The bypass of described first hydraulic control one-way valve is connected with the P hydraulic fluid port of the second solenoid directional control valve, the B hydraulic fluid port of the first solenoid directional control valve is connected with the T mouth of the second solenoid directional control valve, the A mouth of the second solenoid directional control valve connects one end of the 4th hydraulic control one-way valve by the second bridge rectifier synchronization loop, the other end of the 4th hydraulic control one-way valve connects the rodless cavity of oil cylinder for subsequent use, the B mouth of the second solenoid directional control valve connects one end of the 5th hydraulic control one-way valve, and the other end of the 5th hydraulic control one-way valve connects the rod chamber of oil cylinder for subsequent use;

First solenoid directional control valve and the second solenoid directional control valve are all three-position four-way electromagnetic directional valve;

Second hydraulic control one-way valve is connected the oil inlet of the other side with the hydraulic control end of the 3rd hydraulic control one-way valve, forms the first locking loop; 4th hydraulic control one-way valve is connected the oil inlet of the other side with the hydraulic control end of the 5th hydraulic control one-way valve, forms the second locking loop;

Described first bridge rectifier synchronization loop is joined end to end formed by the first check valve, the second check valve, the 3rd check valve, the 4th check valve, and a governor valve in parallel in four check valves;

Described second bridge rectifier synchronization loop is joined end to end formed by the 5th check valve, the 6th check valve, the 7th check valve, the 8th check valve, and an electromagnetic speed-adjusting valve in parallel in four check valves;

Described control loop comprises the primary importance sensor of shutoff valve, energy storage, compression indicator, PLC, connection operating cylinder, and connects the second place sensor of oil cylinder for subsequent use; One end of shutoff valve is connected with unidirectional fix-displacement pump, and the other end is connected with compression indicator; Manometric collateral branch connects energy storage in loop; Compression indicator, primary importance sensor, second place sensor, the first solenoid directional control valve, the second solenoid directional control valve and electromagnetic speed-adjusting valve are controlled by PLC by signal line.

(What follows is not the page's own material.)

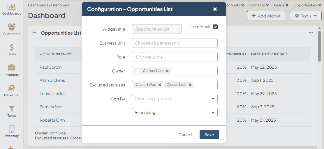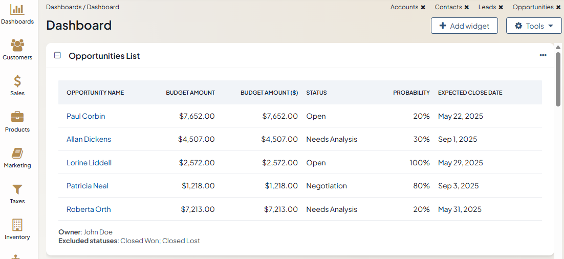 The Opportunities List widget displays the list of opportunities that can be configured to show only opportunities in certain conditions, e.g. only open opportunities that are owned by the current user.
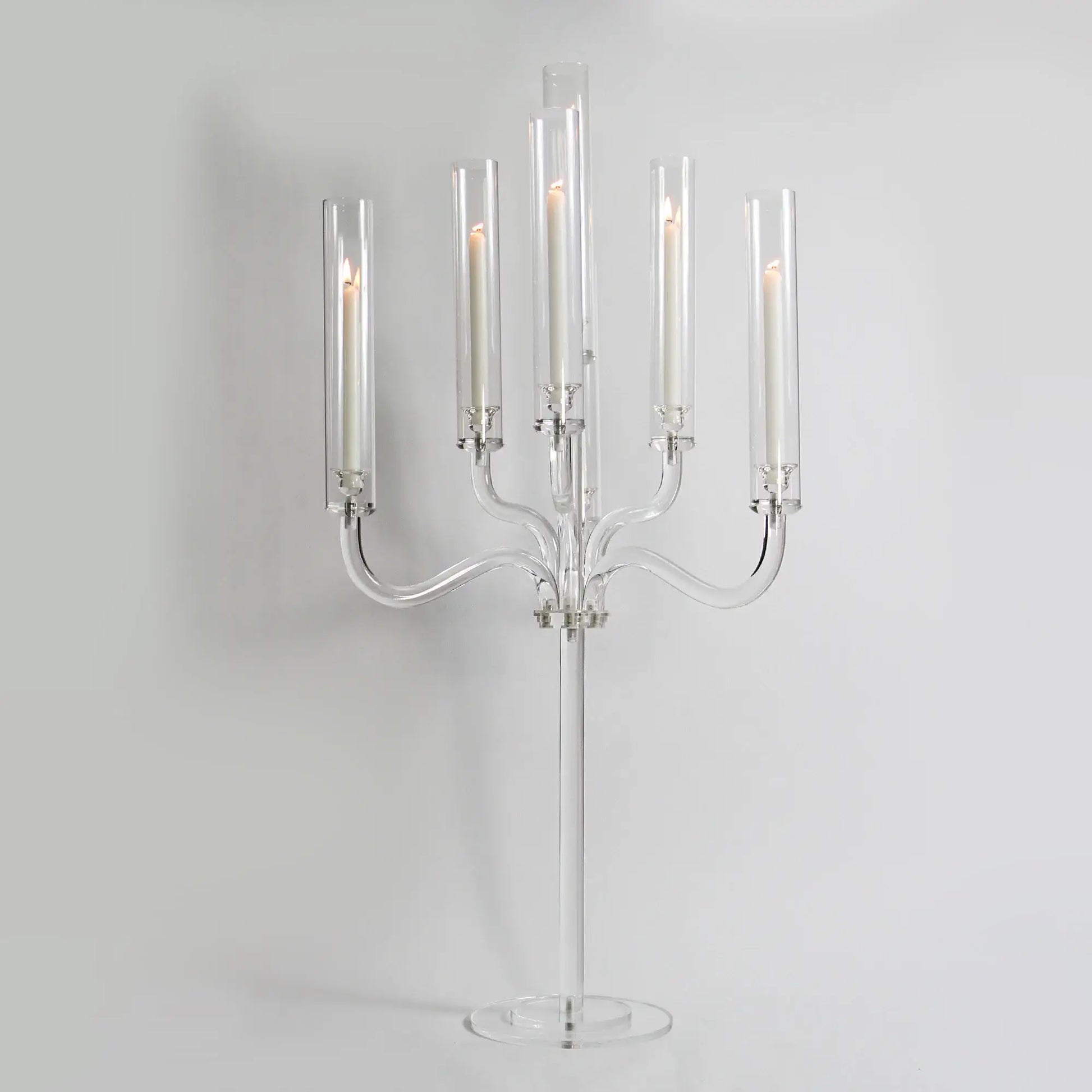 Sculptural elegance meets modern design in this stunning 7-arm candelabra. Crafted from thick, crystal-clear acrylic, its robust structure offers a contemporary twist on classic form, creating a dazzling play of light and reflections. Each arm gracefully extends to cradle a; slender glass chimney, enhancing the glow of candlelight while protecting the flame. Perfect as a dramatic centerpiece for dining tables and mantels or event décor, this candelabra fuses durability with sophisticated style, bringing a touch of luminous glamour to any setting.

2. the hydraulic jacking system of a kind of attached tower crane according to claim 1, it is characterized in that, the first by pass valve is connected in the collateral branch loop of described shutoff valve, the control mouth of the first by pass valve connects the A hydraulic fluid port of the 3rd solenoid directional control valve, 3rd solenoid directional control valve is bi-bit bi-pass solenoid directional control valve, the B hydraulic fluid port of the 3rd solenoid directional control valve connects precursor overflow valve, and the first by pass valve is connected fuel tank with precursor overflow valve simultaneously.

3. the hydraulic jacking system of a kind of attached tower crane according to claim 1, is characterized in that, arranges filter between the oil inlet of described unidirectional fix-displacement pump and fuel tank.

4. the hydraulic jacking system of a kind of attached tower crane according to claim 1, is characterized in that, arranges filter between the T hydraulic fluid port of described first solenoid directional control valve and fuel tank.